┌──
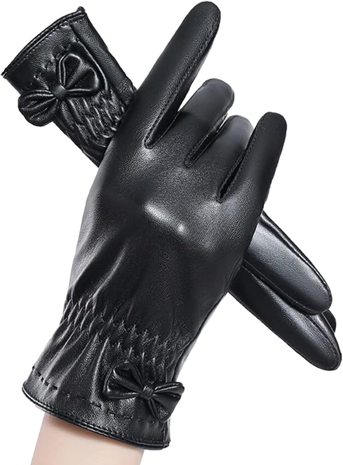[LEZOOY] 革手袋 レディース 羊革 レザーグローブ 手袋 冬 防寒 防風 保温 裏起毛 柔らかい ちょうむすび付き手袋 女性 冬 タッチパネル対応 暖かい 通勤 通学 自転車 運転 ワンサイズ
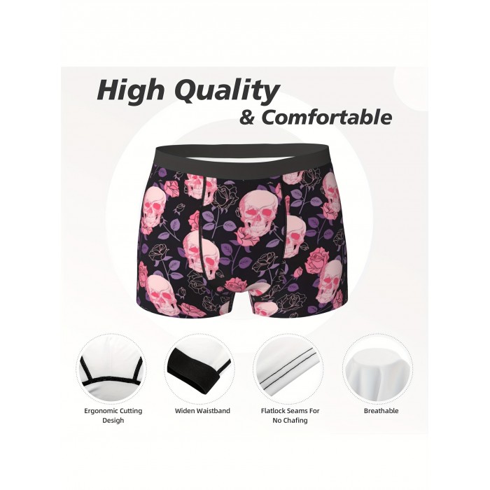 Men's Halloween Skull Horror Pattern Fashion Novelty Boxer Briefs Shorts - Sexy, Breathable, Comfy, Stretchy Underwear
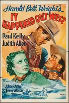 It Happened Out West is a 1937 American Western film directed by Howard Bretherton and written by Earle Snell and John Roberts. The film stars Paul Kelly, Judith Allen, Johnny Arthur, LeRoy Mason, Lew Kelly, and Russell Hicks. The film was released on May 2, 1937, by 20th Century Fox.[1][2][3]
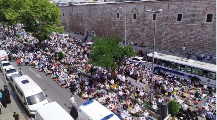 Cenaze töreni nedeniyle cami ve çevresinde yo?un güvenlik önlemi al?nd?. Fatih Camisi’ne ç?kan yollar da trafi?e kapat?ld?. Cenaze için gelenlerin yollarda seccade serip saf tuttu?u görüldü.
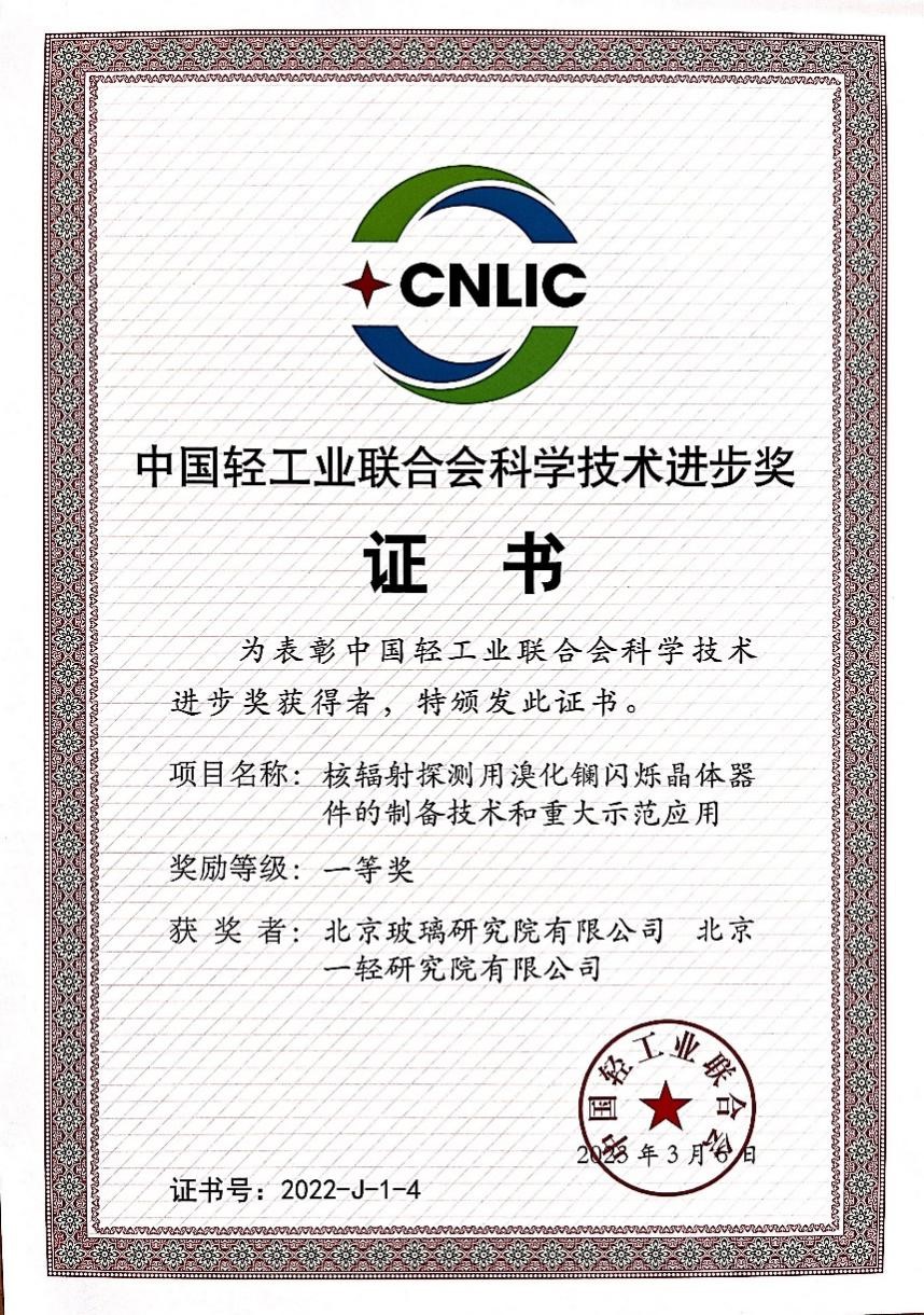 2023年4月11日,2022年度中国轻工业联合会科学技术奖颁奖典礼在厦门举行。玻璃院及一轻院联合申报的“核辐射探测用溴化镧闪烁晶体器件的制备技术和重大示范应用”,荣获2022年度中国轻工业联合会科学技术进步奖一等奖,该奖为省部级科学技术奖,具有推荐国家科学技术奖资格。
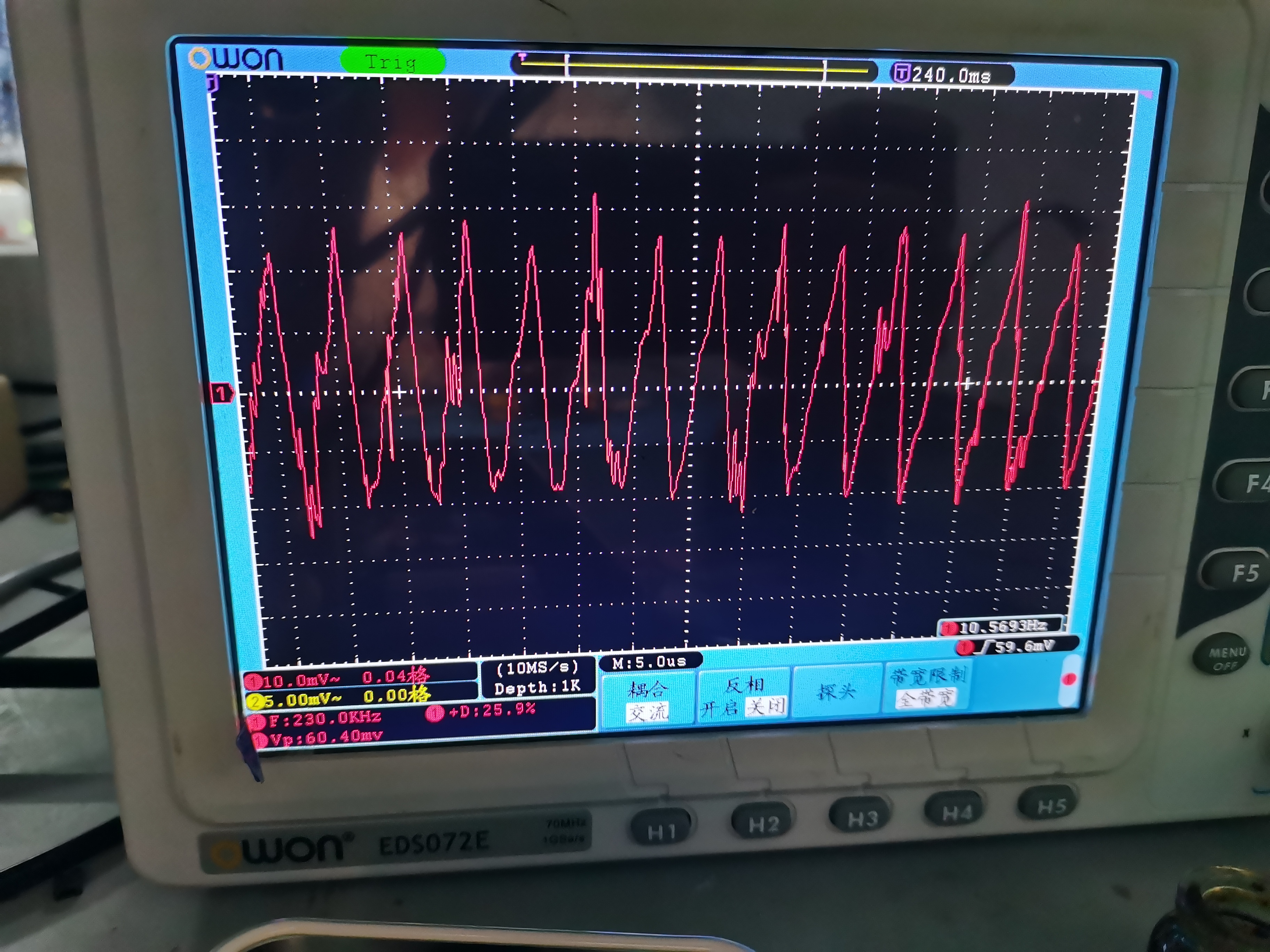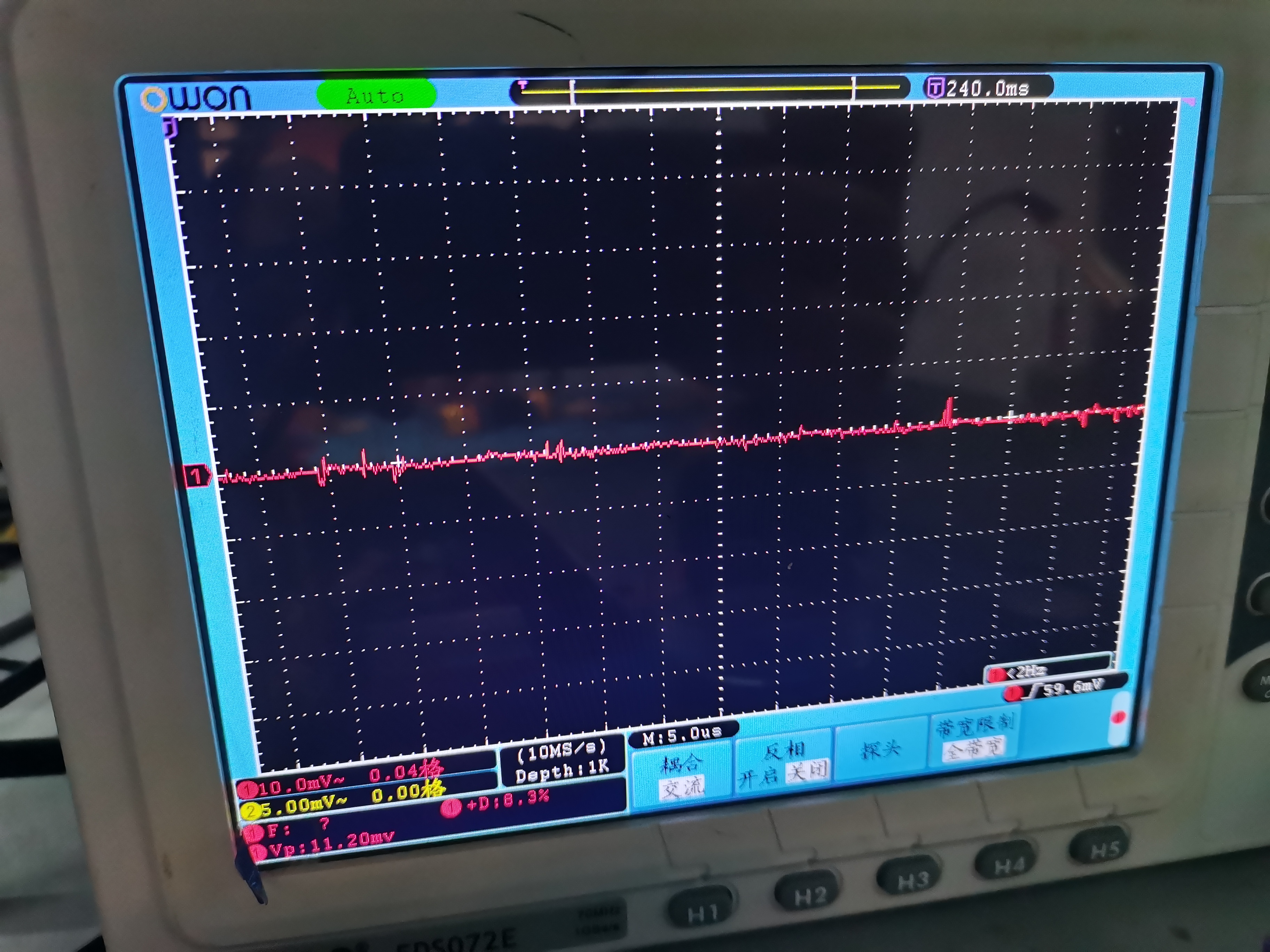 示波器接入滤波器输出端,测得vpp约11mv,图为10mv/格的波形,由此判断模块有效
└──
Leave the pictures out and transcribe the remaining material exactly.

_Task result_
[LEZOOY] 革手袋 レディース 羊革 レザーグローブ 手袋 冬 防寒 防風 保温 裏起毛 柔らかい ちょうむすび付き手袋 女性 冬 タッチパネル対応 暖かい 通勤 通学 自転車 運転 ワンサイズ
 Men's Halloween Skull Horror Pattern Fashion Novelty Boxer Briefs Shorts - Sexy, Breathable, Comfy, Stretchy Underwear
 It Happened Out West is a 1937 American Western film directed by Howard Bretherton and written by Earle Snell and John Roberts. The film stars Paul Kelly, Judith Allen, Johnny Arthur, LeRoy Mason, Lew Kelly, and Russell Hicks. The film was released on May 2, 1937, by 20th Century Fox.[1][2][3]
 Cenaze töreni nedeniyle cami ve çevresinde yo?un güvenlik önlemi al?nd?. Fatih Camisi’ne ç?kan yollar da trafi?e kapat?ld?. Cenaze için gelenlerin yollarda seccade serip saf tuttu?u görüldü.
 2023年4月11日,2022年度中国轻工业联合会科学技术奖颁奖典礼在厦门举行。玻璃院及一轻院联合申报的“核辐射探测用溴化镧闪烁晶体器件的制备技术和重大示范应用”,荣获2022年度中国轻工业联合会科学技术进步奖一等奖,该奖为省部级科学技术奖,具有推荐国家科学技术奖资格。
 示波器接入滤波器输出端,测得vpp约11mv,图为10mv/格的波形,由此判断模块有效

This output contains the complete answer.